The title follows the work's bitty ethic, taken from the 'Golden Pleasure Book' series of 'The Gold Star Library', 1967. I'm wanting to find each time something insolubly wrong in the pulling together of title, print and things on a kind of peg-board which would suggest compositional harmony.



The picture element is intended to be explanatory of something incidental or unimportant or ephemeral or momentary, observed first-hand.



I'm thinking about how these can operate on a wall, at different proportions and scale. The shelf aspect is particularly interesting at the moment.

16/05/2011

Run Back Chain Brick Rope



Sally is making good progress, stitching the Flotta Chair. This time, before each element, we are looking at new kinds of what essentially are the fundamental running–, chain–, rope– and back–stitches. Also, for the fills, weaving and couching in a number of ways.



So here, two mixes of a sage green and dusty, dijon yellow. Whipped and threaded backstitches for the radiuses; couched lines for the angulars. At the drawing stage, I pay a lot of attention now (in translating the original hand drawings to more 'stable' — for the overstitching) screen drawings) to a muscle memory of each form. This then is a guiding logic to the character of each stitched line and helps us navigate the array of unfamiliar options.



It also gives me a clearer idea of where to stop, in making the artwork.
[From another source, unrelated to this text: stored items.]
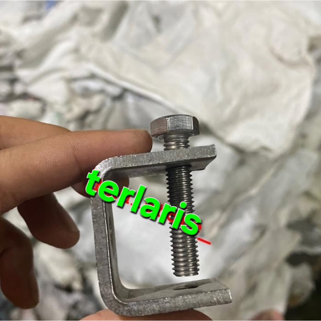 klem stainless C Beam clamp U stainless 304 KLEM BIASA *ketebalan 5mm *baut ukuran 8mm *panjang 4cm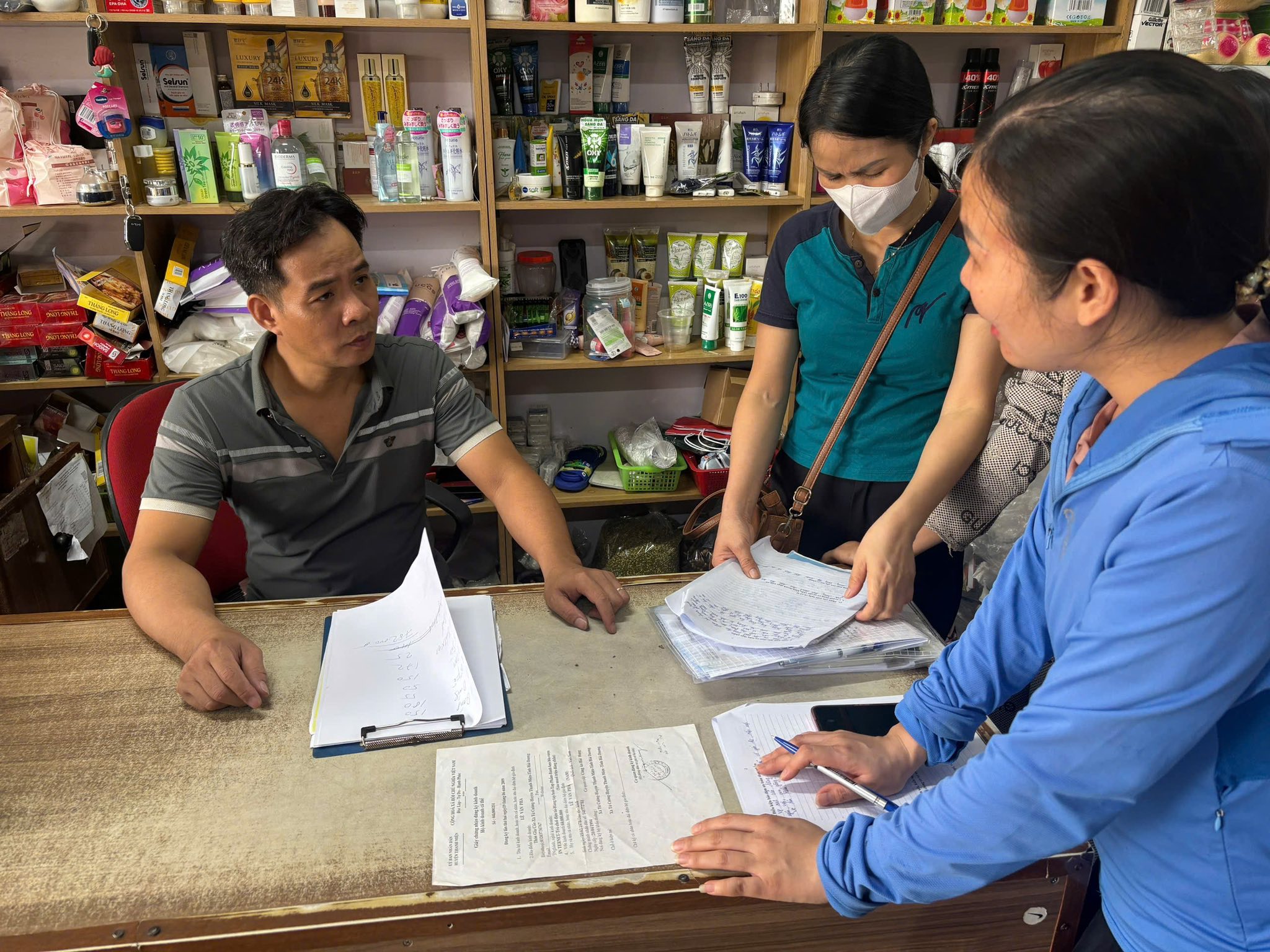 Đoàn kiểm tra của xã Thanh Miện làm việc tại một cơ sở kinh doanh bánh kẹo phục vụ Tết Trung thu. Qua thực tế, phần lớn các cơ sở, hộ kinh doanh đã chấp hành tốt các quy định, duy trì vệ sinh cửa hàng sạch sẽ, ngăn nắp, góp phần bảo đảm cung cấp những sản phẩm an toàn đến tay người tiêu dùng. Bên cạnh đó, Đoàn kiểm tra cũng kịp thời nhắc nhở, chấn chỉnh một số hạn chế nhỏ để các hộ kinh doanh khắc phục ngay.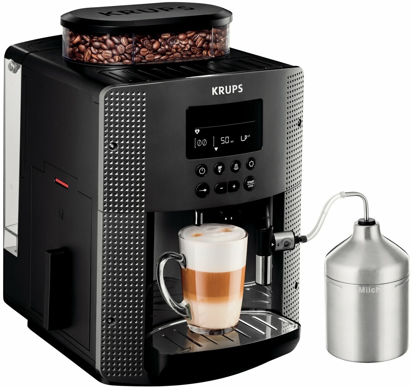 Автоматическая кофемашина Krups Essential EA810870 с LED индикацией, паровое сопло для пены, металлические жернова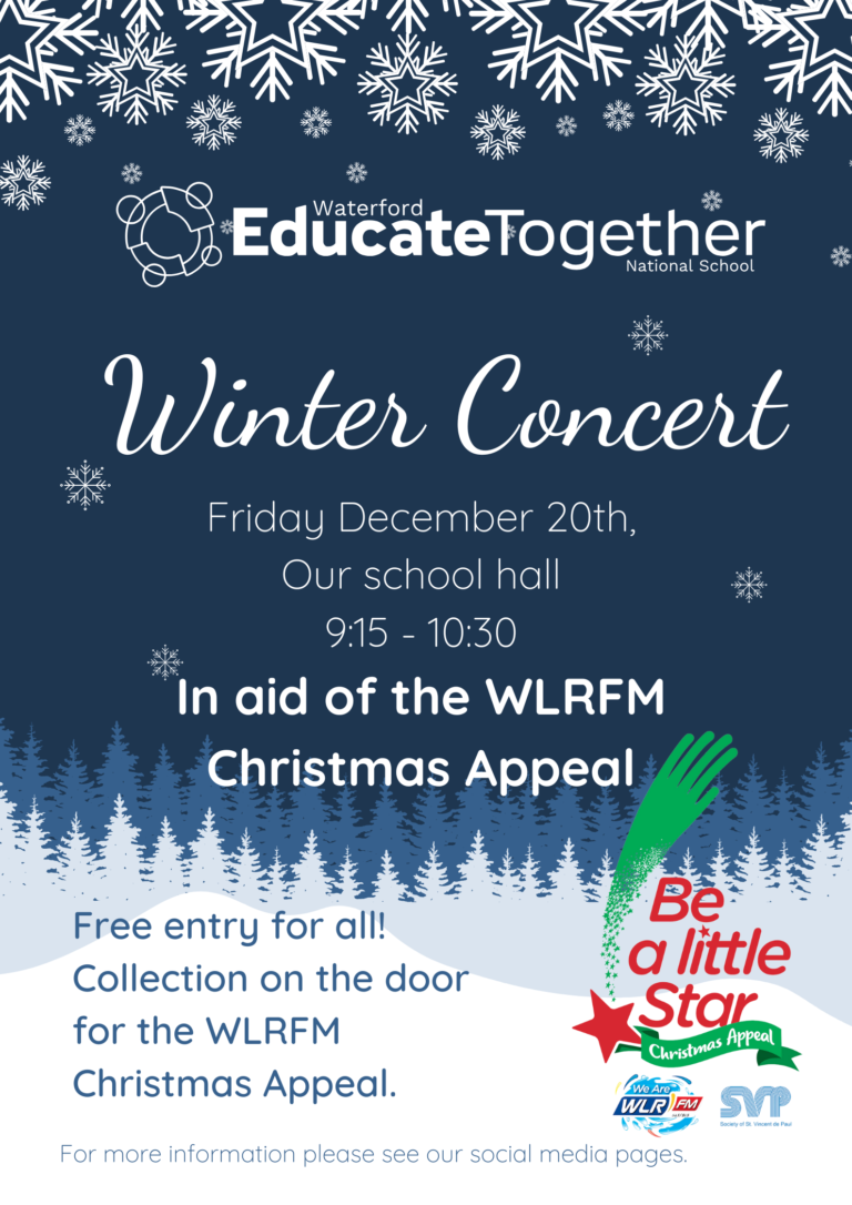 A massive thank you to all the students, teachers and parents of Waterford’s Educate Together, their Winter Concert raised €750 for the WLR Christmas Appeal in Aid of St Vincent De Paul.

So, to an extent, each chair is a sampler. On this note, we are preparing a sampler for The Idler Academy. Sally will be running an embroidery workshop; I'm making drawings, to adapt as artwork screened onto linen, for each participant. Returning again to notions of 'kit', Froebel's Gifts and Occupations, Bauhaus preliminary exercises. I like the idea of an underprinted structure that allows for some improvisation, even by the novice. Not sure yet whether this is sufficiently simple and practicable but will try.